The meta-analysis included 10 studies involving a total of 538 patients. The findings of the meta-analysis demonstrated that EBUS-TMC yielded an overall diagnostic rate of 89.59% (482/538), while EBUS-TBNA yielded a rate of 77.13% (415/538). The calculated inverse variance-weighted odds ratio was 2.63 (95% confidence interval, 1.86-3.72; p < 0.0001), and I2 value was 11%, indicating a statistically significant difference between the two techniques. The associated complications consisted of pneumothorax, pneumomediastinum, mediastinitis, and bleeding, with an incidence of 0.74% (4/538), 0.37% (2/538), 0.0% (0/538), and 1.12% (6/538), respectively. Moreover, the funnel plot displayed no discernible publication bias. Further subgroup analysis revealed a notable improvement in the diagnosis value for lymphoma (86.36% vs. 27.27%, p = 0.0006) and benign disorder (87.62% vs. 60.00%, p < 0.0001).
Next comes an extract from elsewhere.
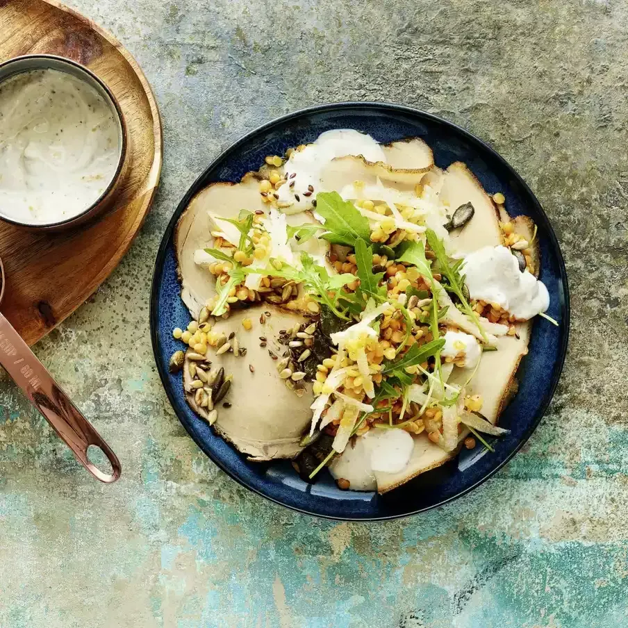 Am besten schmeckt ein Kohlkopf geröstet. Wird er vorher mit Harissa mariniert, verleiht ihm das eine würzig-aromatische Note. Zusammen mit einem cremigen Hummus aus roten Linsen kommt eine leckere Mahlzeit auf den Tisch.
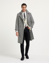 The excellence of Brunello Cucinelli materials enriches the refined feel of this one-and-a-half-breasted coat. The warmth of pure virgin wool is delivered in a chevron fabric inspired by the world of tailoring. The distinct metal button closure completes the garment, which offers a regular, boxy fit. MATERIALS The pure virgin wool chevron pairs high-quality materials and traditional patterns of masculine elegance to create a fabric with sophisticated traits. The cupro lining provides added comfort. DETAILS Metal button closure Lapel collar Vertical hand pockets Adjustable button cuffs Single back vent Cupro half lining Two interior pockets with button and pen holder 100% VIRGIN WOOL

This review of the current available studies indicated that EBUS-TMC enhanced overall diagnostic yields compared to EBUS-TBNA, particularly for diagnosing benign disease and lymphoma. This procedure was not associated with any serious complications.
近年来的研究表明,支气管内超声引导经支气管针吸活检术(EBUS-TBNA)是一种新的技术,与传统的 EBUS-TBNA 相比,可提高经支气管超声引导的经支气管纵隔冷冻活检术(EBUS-TMC)对纵隔病变的诊断价值。本系统评价和荟萃分析旨在评估 EBUS-TMC 与 EBUS-TBNA 相比的诊断效果和并发症,从而探讨这种新技术在增强纵隔病变诊断能力方面的潜力。
通过检索 PubMed、Embase 和 Google Scholar 数据库,对从成立到 2023 年 12 月 31 日发表的文章进行了全面的文献回顾。本综述的目的是评估 EBUS-TMC 在诊断纵隔疾病中的应用,并使用 QUADAS-2 工具评估每项研究的质量。使用逆方差加权对诊断效果估计值进行荟萃分析。此外,还对该程序相关并发症进行了全面分析。
荟萃分析纳入了 10 项共 538 例患者的研究。荟萃分析结果表明,EBUS-TMC 的总体诊断率为 89.59%(482/538),而 EBUS-TBNA 的诊断率为 77.13%(415/538)。计算的逆方差加权优势比为 2.63(95%置信区间,1.86-3.72;p < 0.0001),I2 值为 11%,表明两种技术之间存在统计学差异。相关并发症包括气胸、纵隔气肿、纵隔炎和出血,发生率分别为 0.74%(4/538)、0.37%(2/538)、0.0%(0/538)和 1.12%(6/538)。此外,漏斗图未显示明显的发表偏倚。进一步的亚组分析显示,EBUS-TMC 对淋巴瘤(86.36%比 27.27%,p = 0.0006)和良性疾病(87.62%比 60.00%,p < 0.0001)的诊断价值有显著提高。
对现有研究的综述表明,EBUS-TMC 与 EBUS-TBNA 相比,提高了整体诊断效果,特别是在诊断良性疾病和淋巴瘤方面。该操作没有任何严重的并发症。